The news is quietly significant for Portugal’s industrial base. UNVI, the Galician coachbuilder, had originally planned to build the model alongside its core product line at its Ourense site in Spain. In order to protect delivery lead-times and expand capacity against a strong order book, production was shifted entirely to UNVI’s Porto factory, a facility extensively refurbished between 2018 and 2020 and configured around a modern quality and productivity layout. Porto beat Ourense for a flagship Volvo-branded product, which does not happen by accident.
How the supply chain runs. Volvo Buses assembles the 13-metre B13R chassis at its plant in Borås, Sweden, on a line powered by 100% renewable energy. Finished chassis are then shipped south to Porto, where UNVI mounts the bespoke UNVI XL body. The finished coach is marketed under joint Volvo–UNVI branding and sold through Volvo Buses’ European dealer network. The arrangement means every B13R UNVI XL that reaches a Nordic operator’s depot has in effect crossed the corridor twice: Swedish value added in the chassis, Portuguese value added in the bodywork, and Nordic miles on the odometer.
Why Porto. Portuguese coachbuilding has deep industrial roots and has steadily moved up-market over the past decade. Porto offers three advantages that mattered in this decision.
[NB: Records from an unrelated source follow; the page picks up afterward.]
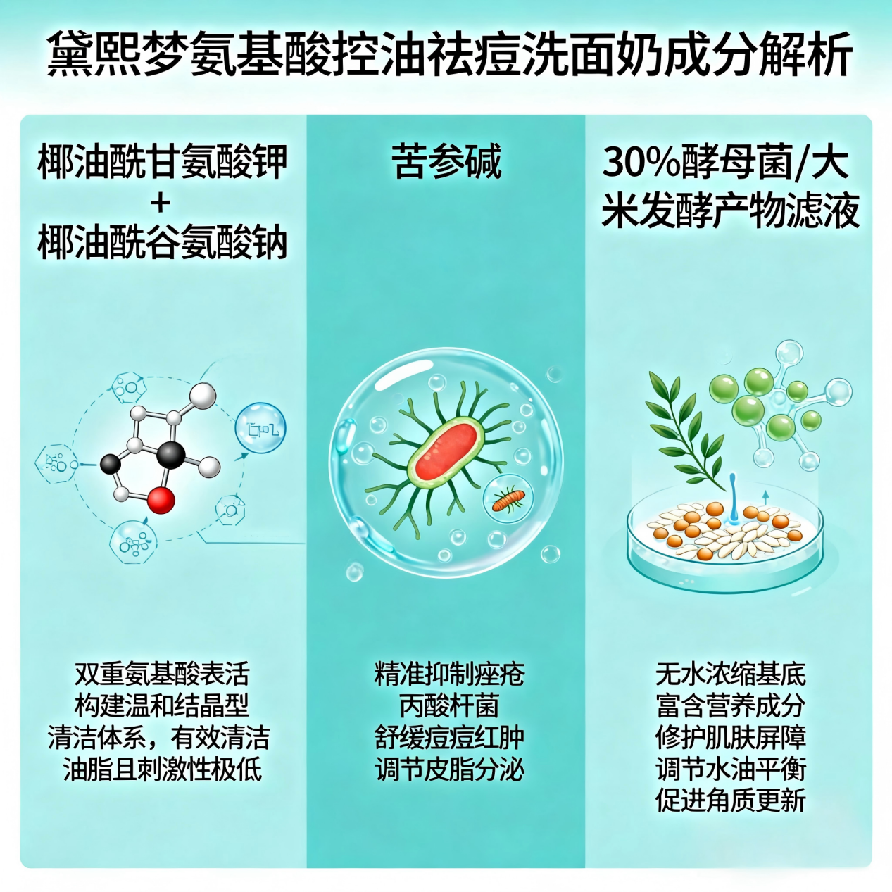 黛熙梦氨基酸控油祛痘洗面奶,就是这样的存在。它不是“洗得最干净的”,也不是“最便宜的”,但它是目前市场上极少数通过皮肤科临床验证、同时实现强清洁力+低刺激+屏障修护+靶向抗炎的全能控油祛痘洗面奶。
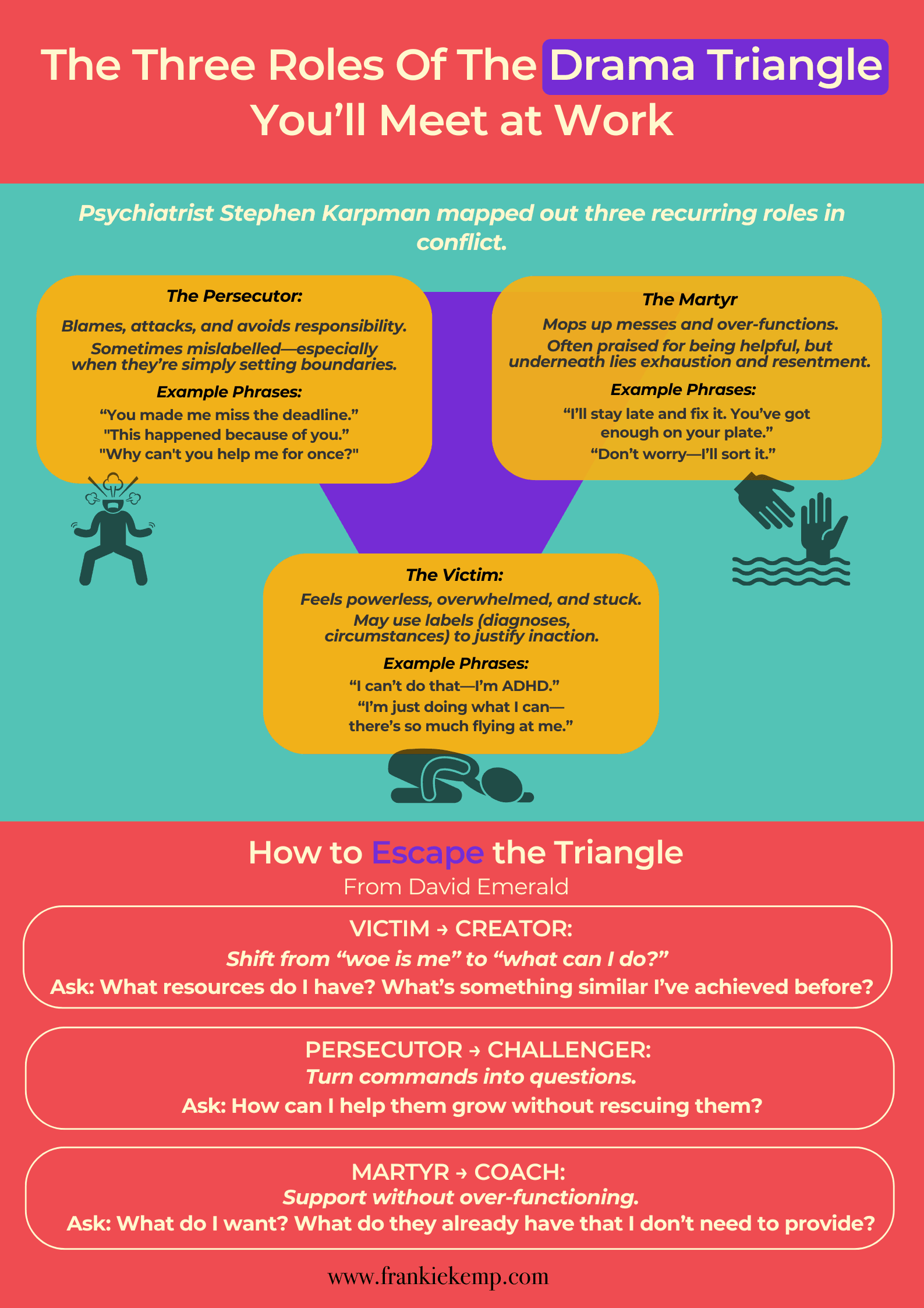 Referring back to that escape room which I mentioned above, we’ll now turn the lights on so you can see the behavioural clues. Psychiatrist Stephen Karpman, who also trained as an actor, mapped out three recurring roles in conflict:
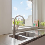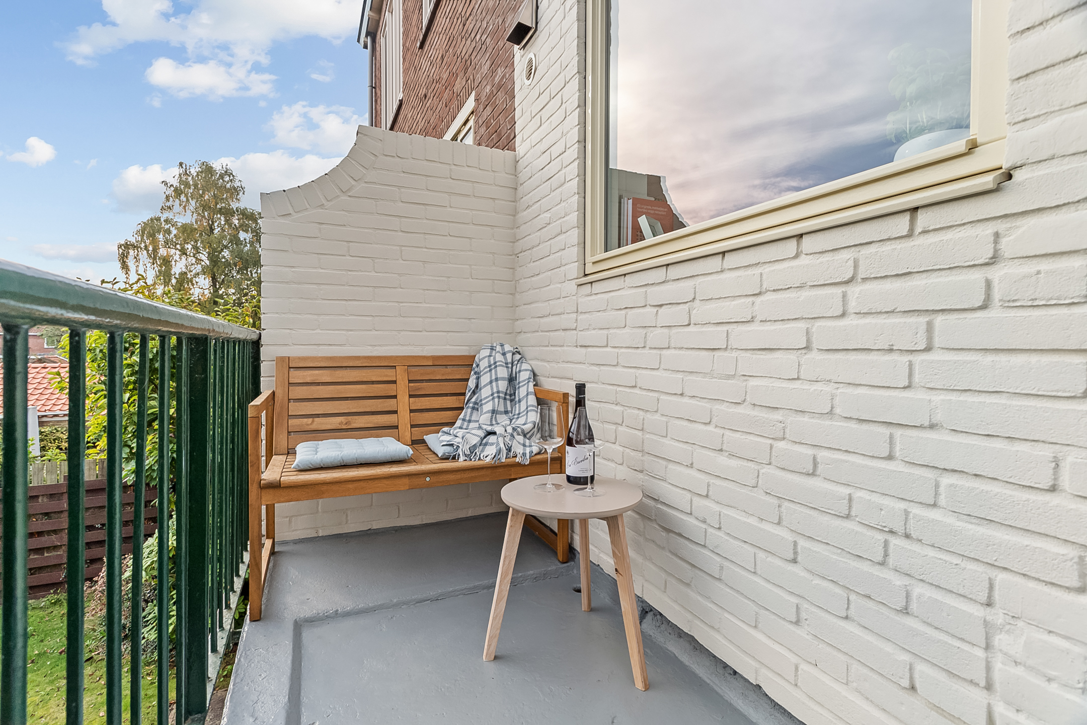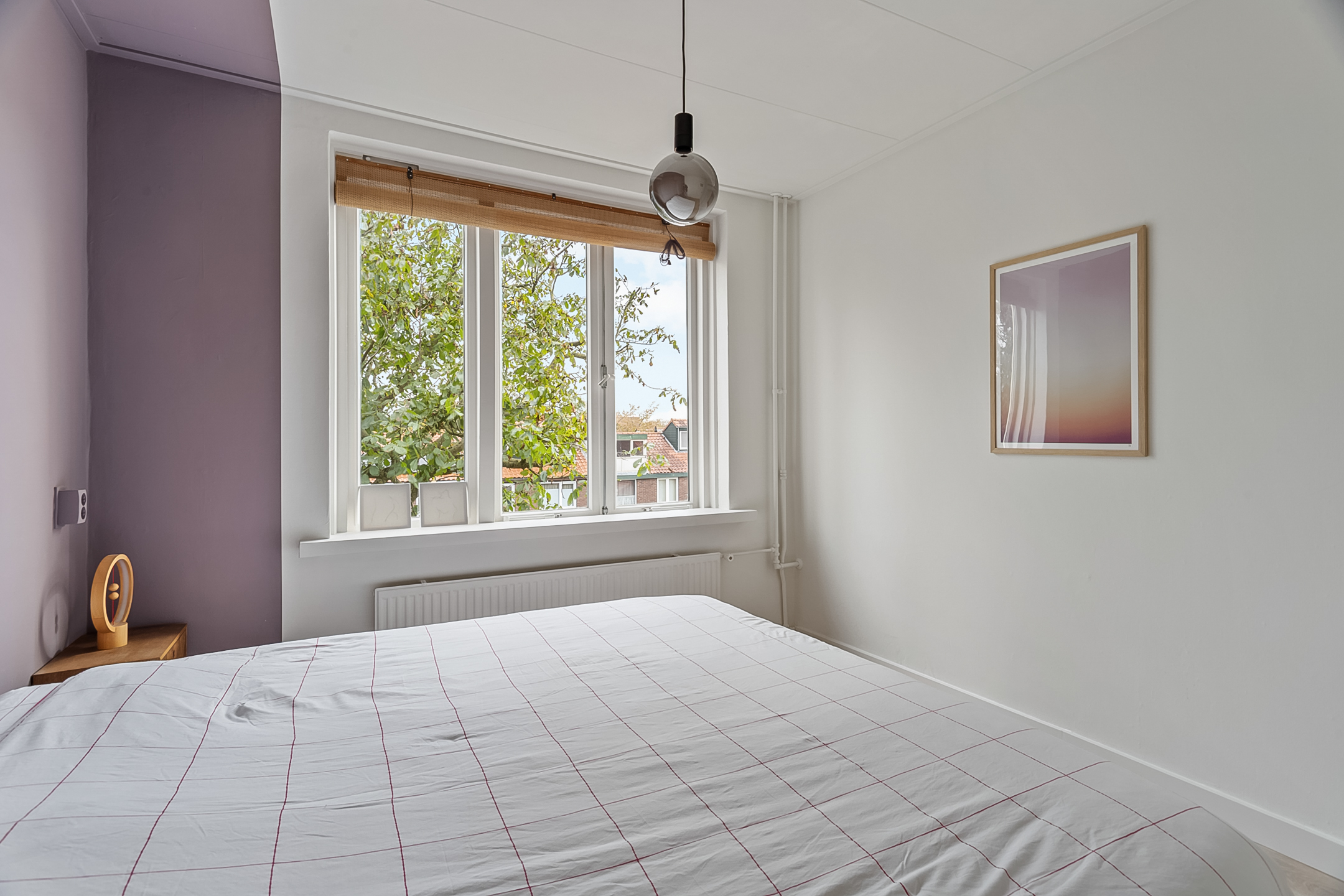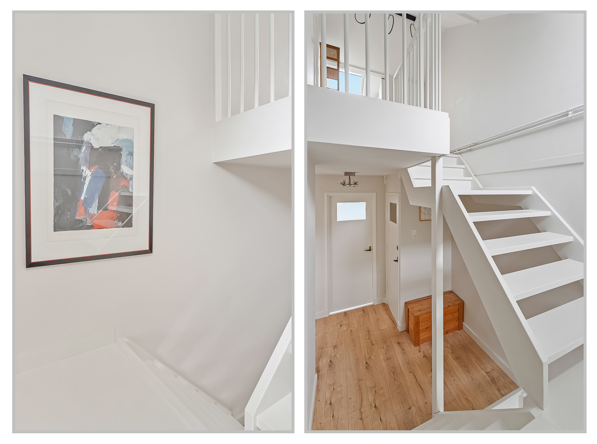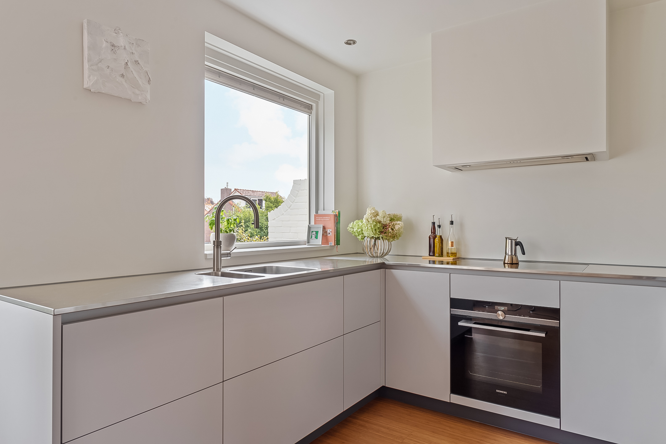 Via het verzorgde buitenportiek bereik je de eerste verdieping met je eigen entree. De hal geeft onder andere toegang tot het separate toilet en de gemoderniseerde meterkast. De doorzonwoonkamer is een echte eyecatcher dankzij de grote raampartijen aan beide zijden. Hierdoor valt het daglicht rijkelijk binnen. De luxe open keuken (2021) is uitgerust met hoogwaardige inbouwapparatuur, een robuust RVS keukenblad, greepvrije en push-open lades, inductiekookplaat en combi-Quooker – kortom, perfect voor de fanatieke thuiskok! Vanuit de keuken stap je zo het balkon op, waar je ’s ochtends heerlijk van de zon geniet. De duurzame bamboevloer op deze verdieping zorgt voor een warme, moderne uitstraling.

The first is a skilled labour pool for composite and stainless-steel bodywork at competitive euro-per-hour costs relative to Central and Northern Europe. The second is logistics: the Port of Leixões and the road network north to the Spanish border and east to Central Europe allow finished coaches to reach continental buyers within predictable lead-times. The third is supplier density: Portugal’s automotive cluster around Porto, anchored by historical OEM investment from the likes of Volvo and Volkswagen, has matured into a credible subsystems base.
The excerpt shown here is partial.